Monday, November 17, 2014

Going to Stung Mean Chey 2nd Branch!

We chopped down a huge coconut tree for service this week! This young widow in our ward is starting to clear the little piece of land behind her house so she can start renting it out for some extra income.
Transfer calls last night! Like always transfer calls take forever to come. Elder Vore didn't call us till after lights out time at 9:30. Call finally came at like 9:35. Elder Vout will continue to serve here in Pochentong and guess who is coming to take his place? Elder Paramore!! He's been up in Kampung Thom this whole time. I actually haven't seen him since we arrived here in Cambodia. Elder Paramore and I are the only members in our entire group who have never seen each other in Cambodia. Everyone else met together last transfer day, but Elder Vout and I left the mission home early so I didn't get to see everyone. But I'll see Elder Paramore on Friday finally, so that's exciting.

As for me, I am transferring to the South Zone, Stung Mean Chey Second Branch to be more exact. That was my prediction before calls! I was like I'm either going to Tuk Thlaa (right next door to Pochentong) or I'm going to one of the branches in Stung Mean Chey (there's three branches). I'm actually going to be serving right next to the world famous "trash mountain", which is the area of Stung Mean Chey Third Branch. That was Elder Johnson's area right before he went to Pochentong. He was serving as zone leader over there in south zone at the time.  I'm super excited to go and serve there. My companion is going to be Elder Kim, who is currently serving there right now. All I know about Elder Kim is that he is Khmae. That's it. I'll be finding out a lot more about him starting this Friday though!

My feelings are really mixed about transfers. I'm going to miss Pochentong so much, I've grown so close with so many different people here, but I'm also excited to go and help in another part of the Lord's vineyard. It honestly is going to be nice to totally cut off all ties to my training and infancy and start again in a new area as a full-fledged missionary! I know that I will be able to see all of the members and everyone I care about dearly from Pochentong again! It's going to be such a wonderful occasion when we meet together after the glorious Judgment Day, and step forward to inherit "all that the Father hath" with each other. I look forward with anticipation to that day! But till then, I have more friends to make, and the Lord wants me to make them in Stung Mean Chey Second! I'm so grateful for a knowledge of the Plan of Salvation, because through it we know that there's no such thing as a true ending, as long as we hold out faithful till the end!
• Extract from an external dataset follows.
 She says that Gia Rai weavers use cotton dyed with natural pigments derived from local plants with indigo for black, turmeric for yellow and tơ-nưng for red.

I'm so grateful right now to have so many great friends serving in the Lord's army with me all over the world! I have amazing friends who are preaching the gospel on literally every single inhabited continent on the face of the earth. I'm especially grateful for Elder Goodwin's example! Can you believe that every single companion he has had out in the field has been on a mission longer than Jack has been a member of the church?! That's incredible! He reminds me of those missionaries from pioneer times, who were members for 6 or 7 months before they were called to leave their families and go and serve missions around the world. What a guy!
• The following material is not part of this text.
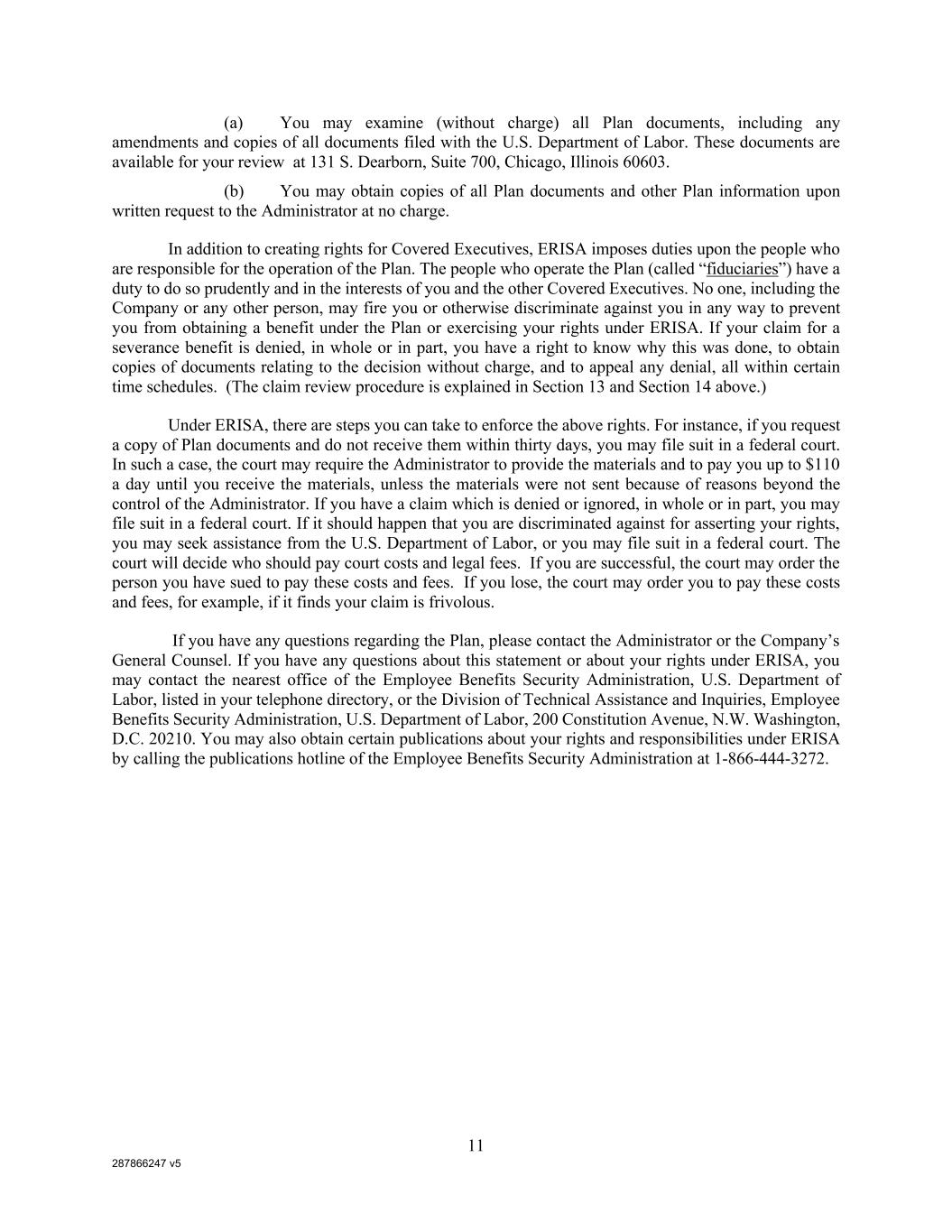 287866247 v5 11 (a) You may examine (without charge) all Plan documents, including any amendments and copies of all documents filed with the U.S. Department of Labor. These documents are available for your review at 131 S. Dearborn, Suite 700, Chicago, Illinois 60603. (b) You may obtain copies of all Plan documents and other Plan information upon written request to the Administrator at no charge. In addition to creating rights for Covered Executives, ERISA imposes duties upon the people who are responsible for the operation of the Plan. The people who operate the Plan (called “fiduciaries”) have a duty to do so prudently and in the interests of you and the other Covered Executives. No one, including the Company or any other person, may fire you or otherwise discriminate against you in any way to prevent you from obtaining a benefit under the Plan or exercising your rights under ERISA. If your claim for a severance benefit is denied, in whole or in part, you have a right to know why this was done, to obtain copies of documents relating to the decision without charge, and to appeal any denial, all within certain time schedules. (The claim review procedure is explained in Section 13 and Section 14 above.) Under ERISA, there are steps you can take to enforce the above rights. For instance, if you request a copy of Plan documents and do not receive them within thirty days, you may file suit in a federal court. In such a case, the court may require the Administrator to provide the materials and to pay you up to $110 a day until you receive the materials, unless the materials were not sent because of reasons beyond the control of the Administrator. If you have a claim which is denied or ignored, in whole or in part, you may file suit in a federal court. If it should happen that you are discriminated against for asserting your rights, you may seek assistance from the U.S. Department of Labor, or you may file suit in a federal court. The court will decide who should pay court costs and legal fees. If you are successful, the court may order the person you have sued to pay these costs and fees. If you lose, the court may order you to pay these costs and fees, for example, if it finds your claim is frivolous. If you have any questions regarding the Plan, please contact the Administrator or the Company’s General Counsel. If you have any questions about this statement or about your rights under ERISA, you may contact the nearest office of the Employee Benefits Security Administration, U.S. Department of Labor, listed in your telephone directory, or the Division of Technical Assistance and Inquiries, Employee Benefits Security Administration, U.S. Department of Labor, 200 Constitution Avenue, N.W. Washington, D.C. 20210. You may also obtain certain publications about your rights and responsibilities under ERISA by calling the publications hotline of the Employee Benefits Security Administration at 1-866-444-3272.

So something special about the Cambodia Phnom Penh Mission is that we have a special form of paperwork called "CBRs" or "Convert Baptismal Records". They're basically a form with pictures and information about all the members in Cambodia. Every area in the mission has a couple thick binders full of information on all the members in their area. It's essential here in Cambodia because nothing is really computerized here yet, and even if records were all computerized here, it wouldn't help because nobody has legitimate addresses so you couldn't find any members! CBR's are essential in finding less-actives. A big part of the work here is finding "lost CBRs" or members who we don't know where they are. We do it a lot. It makes me feel like a detective or a private eye or something. You follow the map drawn on the CBR (some of which are incredibly vague and unhelpful) and try and find out what happened to that member or that family. Like you try to see whether they've moved or have died or are still there or what. We talk to people's neighbors and people in the area to help us out. It's fun, but it's super frustrating. If a member moves away from their original home, it's almost impossible to find them in their new area. This is the primary reason we have so many less-actives in Cambodia (well according to my opinion). People move and once they move, nobody can find them in order to help them come to church! Hunting for CBR's always reminds me of the good old days when I would go geocaching every weekend with dad. It's exactly like that, except we don't have a GPS, just vague poorly drawn maps. But it's fun nonetheless!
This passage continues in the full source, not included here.